FOR FURTHER INFORMATION CONTACT:
Jeffrey Moragne, Committee Management Office, Department of Veterans Affairs, Advisory Committee Management Office (00AC), 811 Vermont Avenue, 4th Floor, NW, Washington, DC 20420; telephone (202) 714-1578; or email at Jeffrey.Moragne@va.gov.
SUPPLEMENTARY INFORMATION:
Pursuant to the Federal Advisory Committee ACT, notice is hereby given that the Secretary of Veterans Affairs (VA) intends to reestablish the Veterans Rural Health Advisory Committee (Committee or VRHAC) for two (2) years from the filing date of the charter's reestablishment. The purpose of the Committee is to advise the Secretary of VA on rural health care issues affecting Veterans. The VHRAC examines programs and policies that impact the delivery of VA rural health care to Veterans and discusses ways to improve and enhance VA access to rural health care services for Veterans.
In addition, pursuant to 41 CFR 102-3.65, the Department of Veterans Affairs provides this written notice determination stating that the Committee is in the public interest and found to be in accordance with the Federal Advisory Community Act (FACA), the 2025 FACA Final Rule, and current to the U.S. General Services Administration, Committee Management Secretariat guidance. The following factors below provide an overview of the Committee's operations and public interest intent.
Annual Budget—The overall operating costs for the Committee is $184,169. All members receive travel expenses and a per diem allowance in accordance with the Federal Travel Regulation for any travel made in connection with their duties as members of the Committee. The expected costs are broken into:
(i) Federal personnel (based on full-time equivalent (FTE) usage basis) is .80 with other Federal internal costs being $135,369.
(ii) Proposed payments to Non-Federal Members is $3,218. Payments to Federal Members are $7,081. The Committee is composed of not more than 12 appointed members and up to 3 ex-officio members.
(iii) Reimbursable costs equate to travel reimbursement for Non-Federal Members is $11,230, for Federal Members is $3,671 and for Federal Staff is $23,600.
This Committee does not have any dollar value of grants expected for the fiscal year.

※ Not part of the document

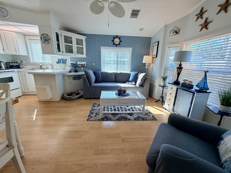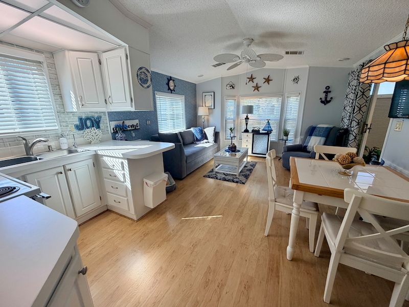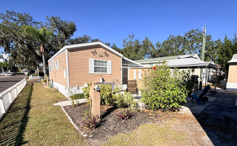 Charming and newly redesigned, this 1-bedroom, 1-bathroom home offers comfort, convenience, and modern style. Inside, you’ll find updated décor, *new windows*, a *new A/C unit*, AC to the lanai, a water softener, dishwasher, walk-in shower, and an in-unit washer and dryer for effortless living. The home also includes a spacious storage shed and a large patio—perfect for relaxing, entertaining, or enjoying the outdoors. This is the perfect low-maintenance getaway, and is a move-in-ready home that has everything you need.**Features

Membership Selection—The Committee's membership includes academic experts in rural health care delivery, state and federal government professionals who focus on rural health issues, Department of Veterans Affairs officials at the state level, and selected Veterans service organization leaders. VHRAC members range from patient care advocates to medical policy strategists. Additionally, the Committee works with the Department's Advisory Committee Management Office, the Committee Chair, and the Office of Rural Health (ORD) leadership to ensure the committee is balanced, to the extent possible, diversity ethnically and geographical background representation.
Existing Federal Advisory Committees—The following list are the 27 VA advisory committees includes 18 that are statute (with an asterisk *) and 9 non-statutory committees.
(1) VA National Academic Affiliations Council
* (2) Advisory Committee on Cemeteries and Memorials
(3) Cooperative Studies Scientific Evaluation Committee
* (4) Advisory Committee on Disability Compensation ( printed page 17336)
* (5) Veterans' Advisory Committee on Education
* (6) Veterans' Advisory Committee on Environmental Hazards (Administratively Inactive)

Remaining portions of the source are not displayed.